J lived a few doors down from my friend, who I visited regularly. We had smiled at each other once or twice but that was it. Until one day my friend called me to say J had asked if I was single. I asked my friend to write him a note for me with my number on and post it through his door. Aww, a teenage romance I hear you say! Nope. I was 27.
He called me that same day and although we had little in common, I thought he was ok and so it began....
After  a few days I realised we didn't have little in common, we actually had nothing in common. He bored me and I annoyed him; it was obvious from the start. He had an obsession with his car, not letting my kids in it in case it got dirty, washing it at least 3 times a week. We decided we wanted to go to winter wonderland at hyde park but as my kids weren't allowed in his car, we had to ask my mum and step dad to come so they could travel with them. What should have been a lovely day out was bloody awful! He moaned non stop about everything but being charged £7 for a jacket potato and fanta was the final straw for him; he just stopped talking. Completely! For the rest of the day, in front of my family. Nice.

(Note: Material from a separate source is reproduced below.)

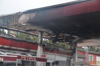 Sabah ilk ışıklarından itfaiye ekiplerinin olay yerinden ayrılmasının ardından istasyon çalışanları temizlik işlemlerine başlattı. Akaryakıt istasyonu üzerinde sundurma kısmı büyük hasar görürken, müdüriyet ve market kısmı da yangın nasibini aldı. Elektrik kontağından çıkmış olabileceği belirtilen yangın iş yerine büyük hasar verirken, restoran kısmı kül oldu. Tek teselli alevlerin yakıt depolarına ulaşamaması oldu.
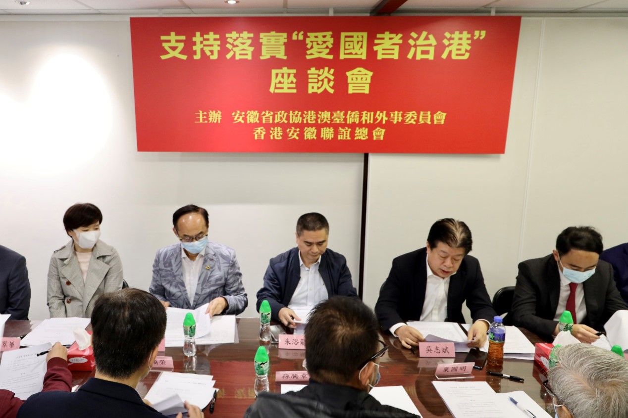 3月5日下午,由安徽省政协港澳台侨和外事委员会、香港安徽联谊总会联合主办的支持落实“爱国者治港”座谈会在联谊总会会址召开。座谈会上,安徽省政协常委、香港安徽联谊总会常务副会长朱浴龙强调,“爱国者治港”的目的就是为了让“一国两制”能够健康地、成功地实践,令“一国两制”行稳致远。(总台记者 金东 周伟琪 冯良辰 李志强 苏子杰 叶丽丽)

Unfortunately for me, any other time he was a big talker and everything he said made me want to rip my own eyes out, just for something to do to alleviate the chronic boredom! Jesus, it was never ending. Who needs an hour long conversation over what they had for lunch?! You had a chicken salad sandwich, big deal, well done, end of story! Then there was the huge problem of sex.....
It was awful. We were both terrible together, awkward, uncomfortable, every once in a while there was some premature ejaculation issues or sometimes no hard willy at all! And with my massive insecurities, this was no Bueno. I remember once I wanted to spice things up so while driving to go out one evening, I told him I wasn't wearing any knickers under my skirt. How saucy I thought! Well, he went flipping nuts! He threw me out of the car and starting scrubbing the passenger seat with some sort of spray from the glove box. He called me a whore and a pervert. I walked home across town alone with a heavy sense of shame and no pants on. Turns out I wasn't saucy after all.

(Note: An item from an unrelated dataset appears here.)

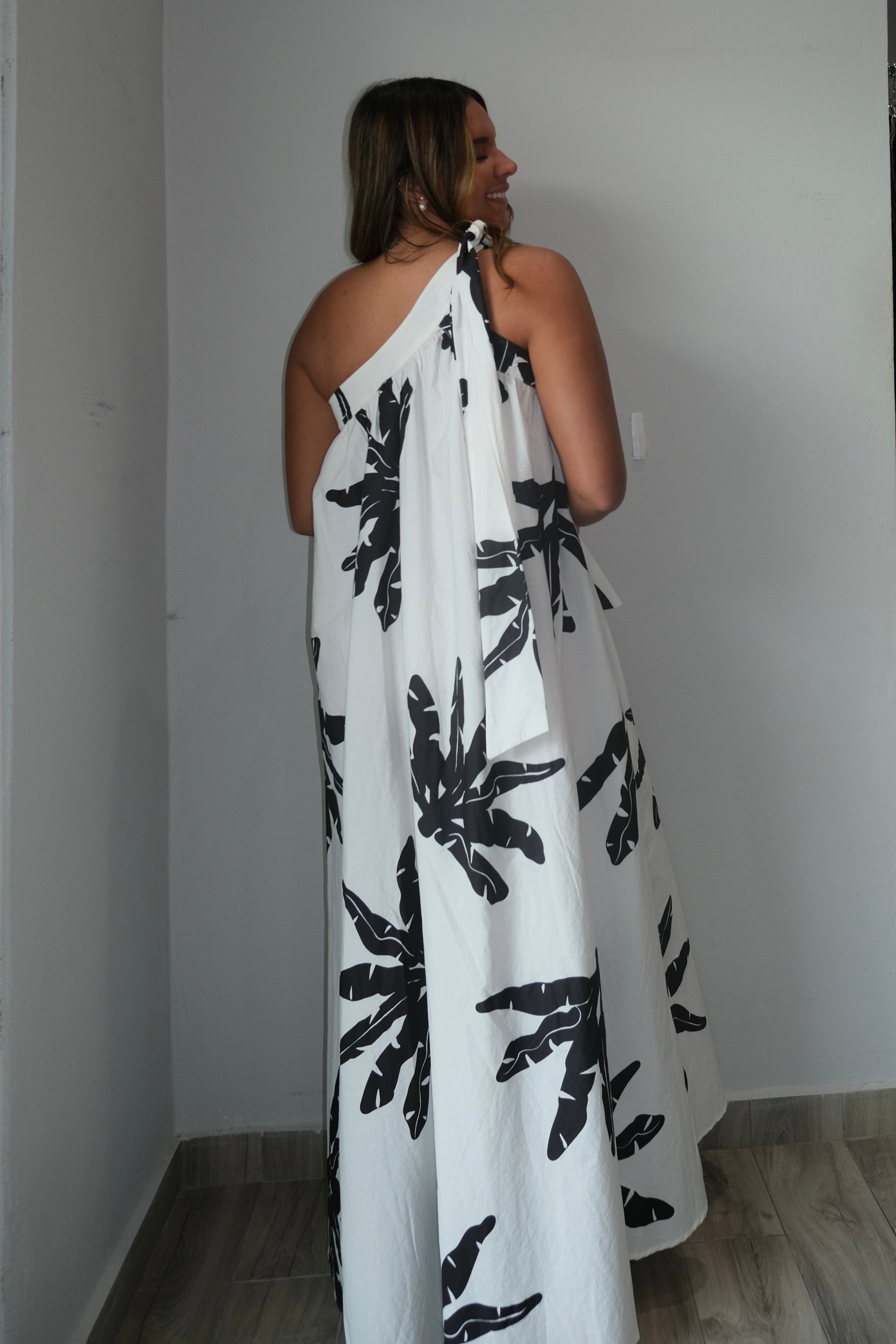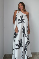 Crafted from 100% cotton, the Cyra One Shoulder Relaxed Dress offers breathable comfort and a natural feel. Designed to run true to size, it ensures a flattering fit without compromising ease of movement. The model showcases a size small, highlighting the dress’s relaxed silhouette and elegant one-shoulder design, perfect for both casual and refined occasions.

It was a crap relationship, boring and going nowhere so imagine how surprised I was at my reaction when he ended it- I lost my shit. In hindsight I can only think it was just one rejection too many. That's my only defence! I cried, screamed, begged him to stay, physically barricaded my front door to stop him leaving and for whatever reason I smashed a dinner plate over my head. He was terrified! He tried to make another break for the door, I sprang after him wearing just my dressing gown and undies, my thighs and belly apron slapped as I ran. The loud clapping sound obviously caught him off guard as he looked over his shoulder. I seized my chance, launched myself at him and rugby tackled him to the floor! He yelped in pain as his face hit the deck, giving him a huge carpet burn on his cheek. He must have realised by this point that I had a good 4 stone on him and gave up the fight. To appease me he said he would stay with me until I fell asleep then we could talk about things in the morning. I agreed and climbed into bed, worn out with all my craziness. He sat in the armchair in the corner of my room. I'd won, he was staying.

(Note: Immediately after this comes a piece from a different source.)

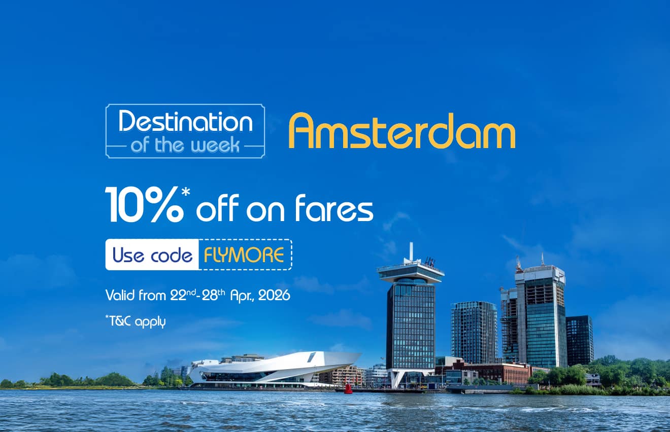 - The Offer is applicable on bookings made using promo code “FLYMORE” for select international sectors.
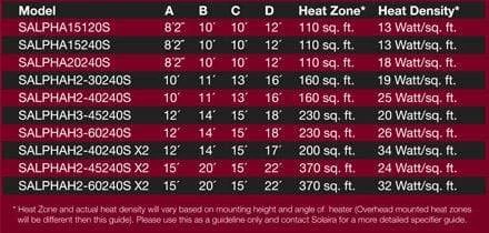 The new Solaira Alpha Series electric infrared heaters represent the evolution of engineered short wave heating technology. Alpha Series Heaters produce short wave length infrared that convert 85% of consumed energy to instant, controllable, directional heat. This heating technology is not affected by wind or draft as it warms people, objects and things and not the air. The modular design of the Solaira Alpha Series allows specifying engineers to adjust and direct specified heating loads based on area requirements. The Alpha Series modern, sleek design allows architects to integrate heating technology with clean un-intrusive lines. Alpha Series Heaters are engineered to meet IP55 standard for water spray so they can be installed in both wet (outdoor) or dry conditions (indoor or outdoor).

It was about 10 minutes later that I came to my senses and realised what the hell I'd done! Why?! Why had I done that!? I turned and looked at him.
"J?" I said softly.
"yeah" he replied.
" This is a bit awkward after what just happened but I think I want it to be over. Can you get out?"
After he had called me every name under the sun, he stormed down my hallway towards my front door
"Can you close it properly please?" I called
He slammed my door so hard it nearly shattered the glass, my whole flat shook with the force!
"Seriously?" I remember thinking to myself removing a shard of dinner plate from my hair  "What a drama queen".